● **Task statement**:
Output the data below exactly, images excluded.

● **Collected material**:
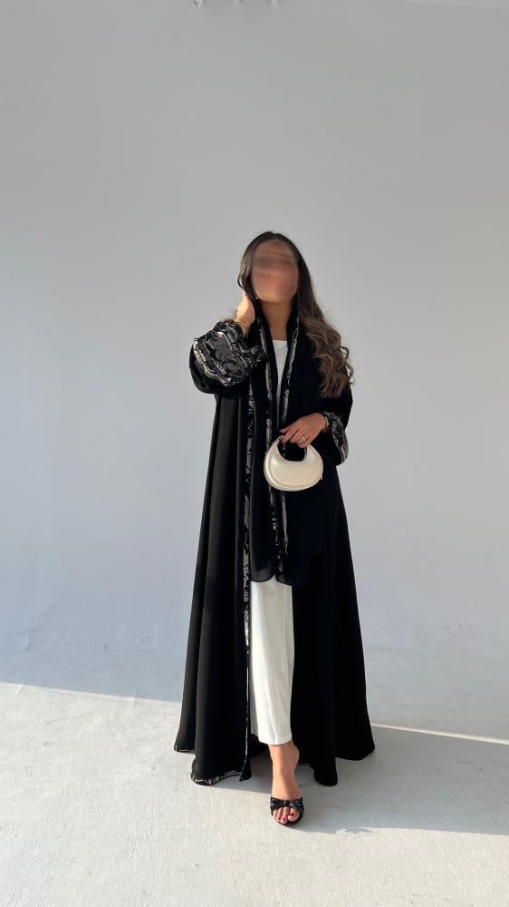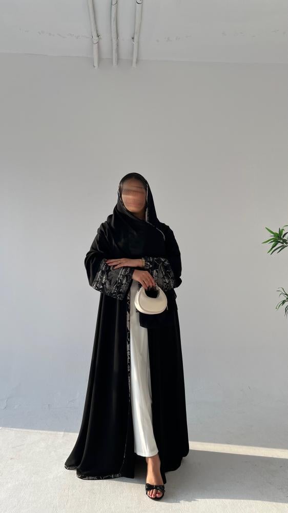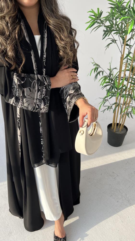 - التفصيلة المميزة: تدخيلة أنيقة من قماش التفته اللامع والمُزخرف (نقوش نباتية بلون فضي/رمادي) تزين الأكمام ومحيط العباية الأمامي.
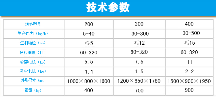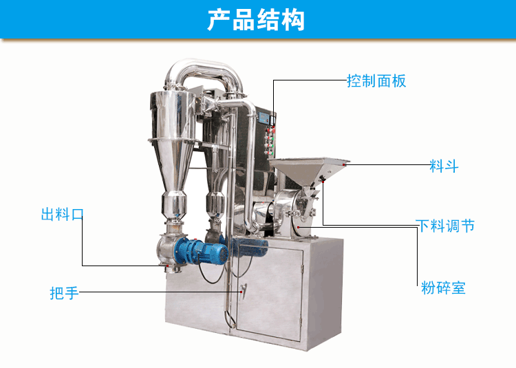 吸尘箱等部分组成,物料由加料斗进入粉碎室,通过高速旋转的刀片进行粉碎,调节分级轮与分级盘的距离来达
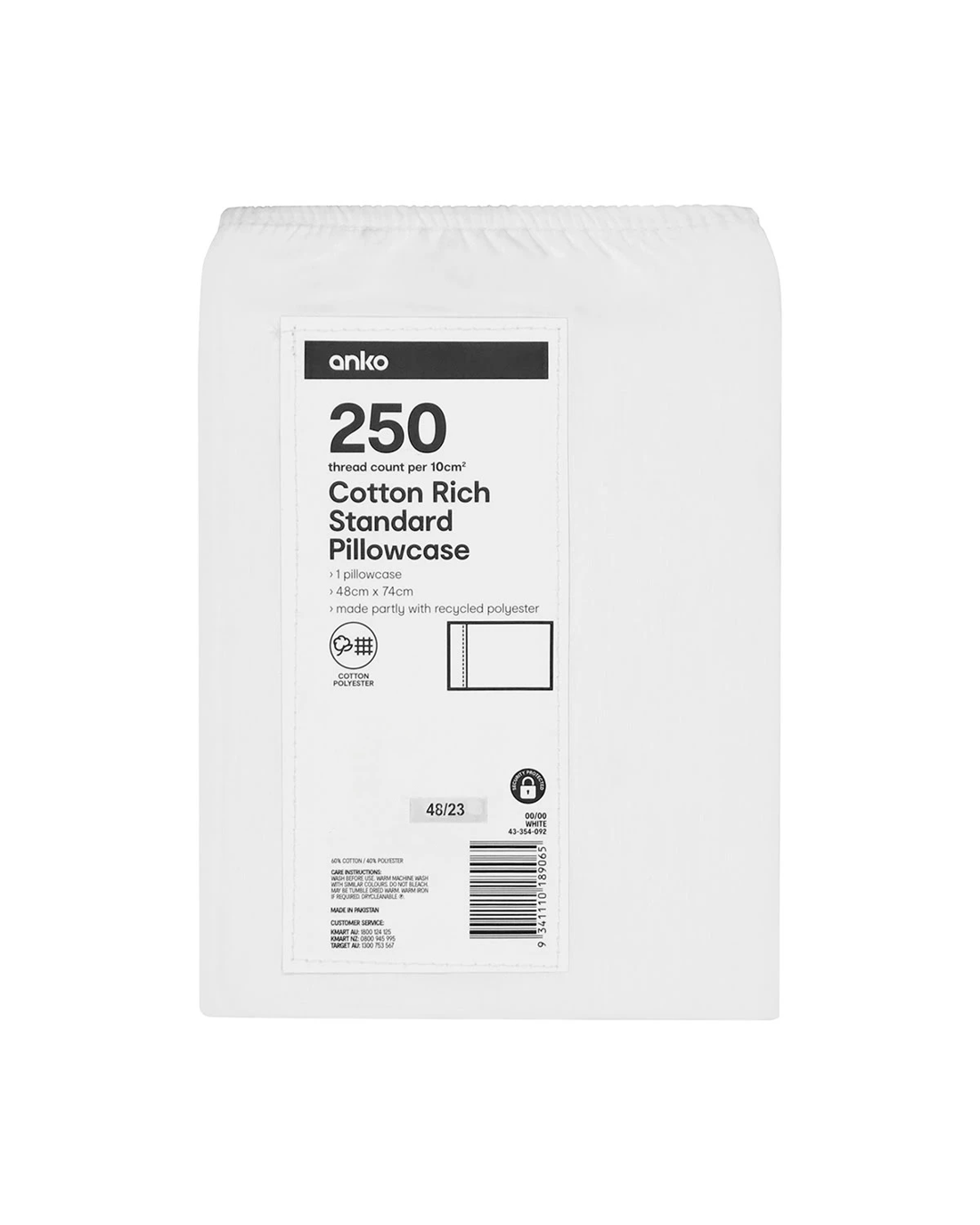 250 Thread Count Cotton Rich Standard Pillowcase - White

● **Task answer**:
 - التفصيلة المميزة: تدخيلة أنيقة من قماش التفته اللامع والمُزخرف (نقوش نباتية بلون فضي/رمادي) تزين الأكمام ومحيط العباية الأمامي.
 吸尘箱等部分组成,物料由加料斗进入粉碎室,通过高速旋转的刀片进行粉碎,调节分级轮与分级盘的距离来达
 250 Thread Count Cotton Rich Standard Pillowcase - White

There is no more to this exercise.